Obama mówił, że pierwszy raz spotkał sierż. Remsburga podczas 65. rocznicy lądowania w Normandii w 2009 roku. Prezydent wspominał, że razem z żołnierzem zrobili sobie kilka zdjęć i wymienili kilka żartów.
Kilka miesięcy później Remsburg został ciężko ranny w wybuchu przydrożnej bomby w Afganistanie. Znaleziono go w przydrożnym rowie z odłamkami szrapnela w mózgu. Lekarze uratowali mu życie, ale po miesiącach operacji i rehabilitacji, Remsburg musiał na nowo uczyć się mówić i chodzić. Lewą stronę nadal ma częściowo sparaliżowaną i nie widzi na jedno oko.

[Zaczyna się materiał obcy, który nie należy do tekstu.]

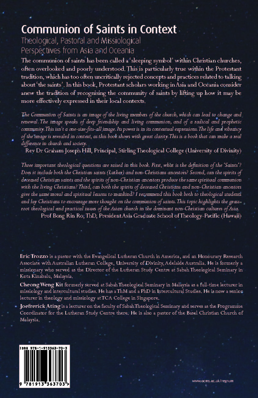The communion of saints has been called a 'sleeping symbol' within Christian churches, often overlooked and poorly understood. This is particularly true within the Protestant tradition, which has too often uncritically rejected concepts and practices related to talking about 'the saints'. In this book, Protestant scholars working in Asia and Oceania consider anew the tradition of recognising the community of saints by lifting up how it may be more effectively expressed in their local contexts.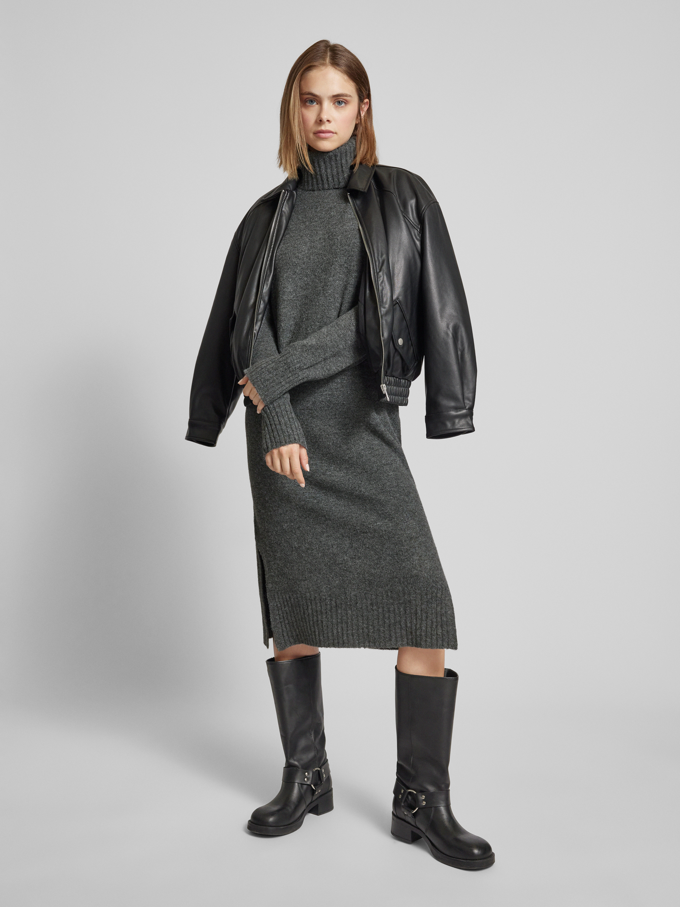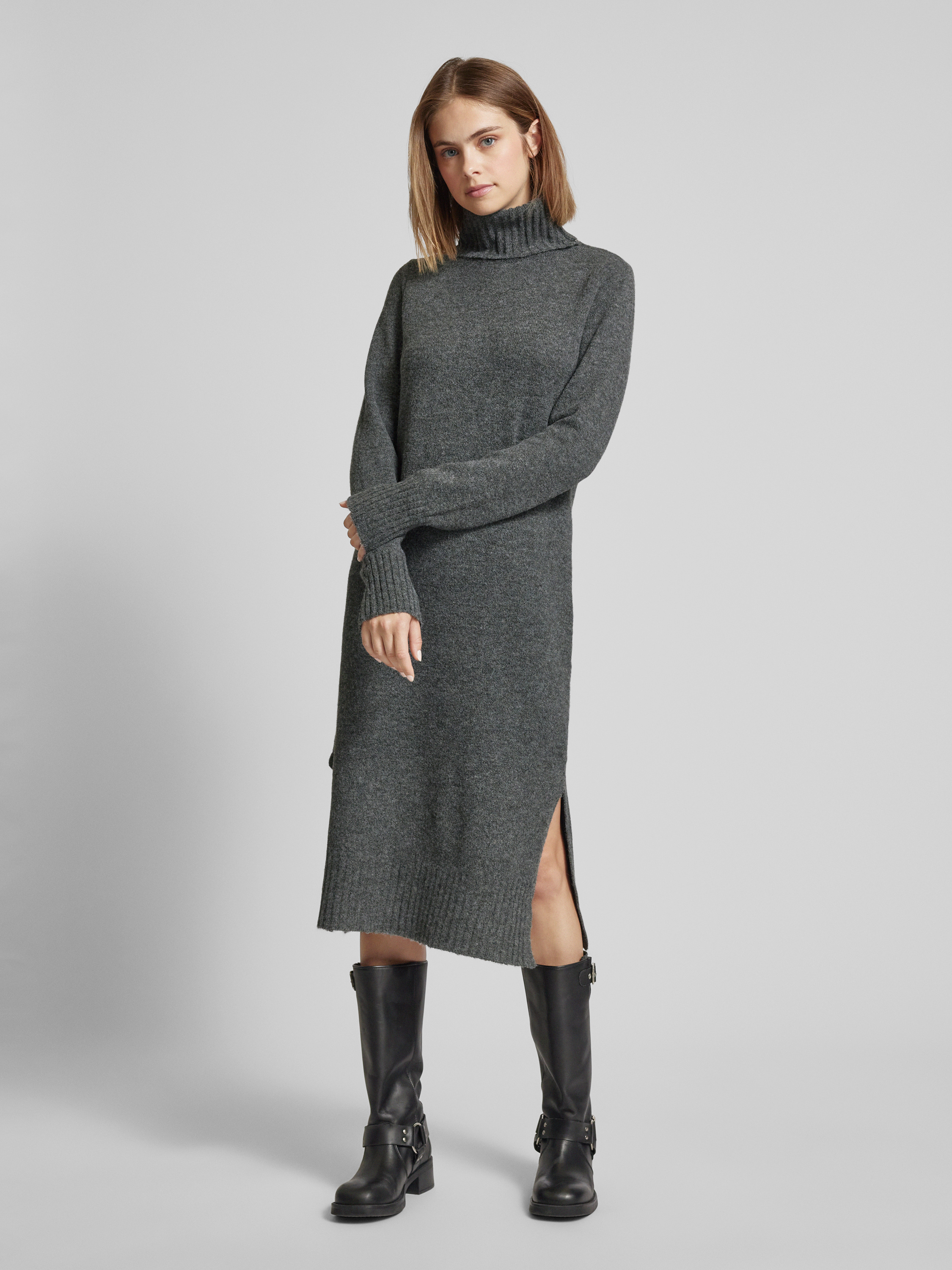 Midi-jurk met opstaande kraag, model 'VIOLA' in antraciet

Mówiąc o żołnierzu, pod koniec swojego orędzia, Obama podkreślił, że jest to ktoś, "kto się nie poddaje". - Nic w życiu, co jest coś warte, nie jest proste. Cory jest tu dzisiaj. I tak jak armia, którą kocha; jak Ameryka, której służy, sierżant Cory Remsburg nigdy się nie poddaje - powiedział Obama, obrazując przykładem żołnierza wyzwania ekonomiczne, które stoją przed Ameryką, a które można przezwyciężyć tylko działając razem.
Sierżant Remsburg przysłuchiwał się Obami stojąc obok jego małżonki. Połączone izby Kongresu oraz inni oficjele i goście nagrodzili go gromkimi brawami.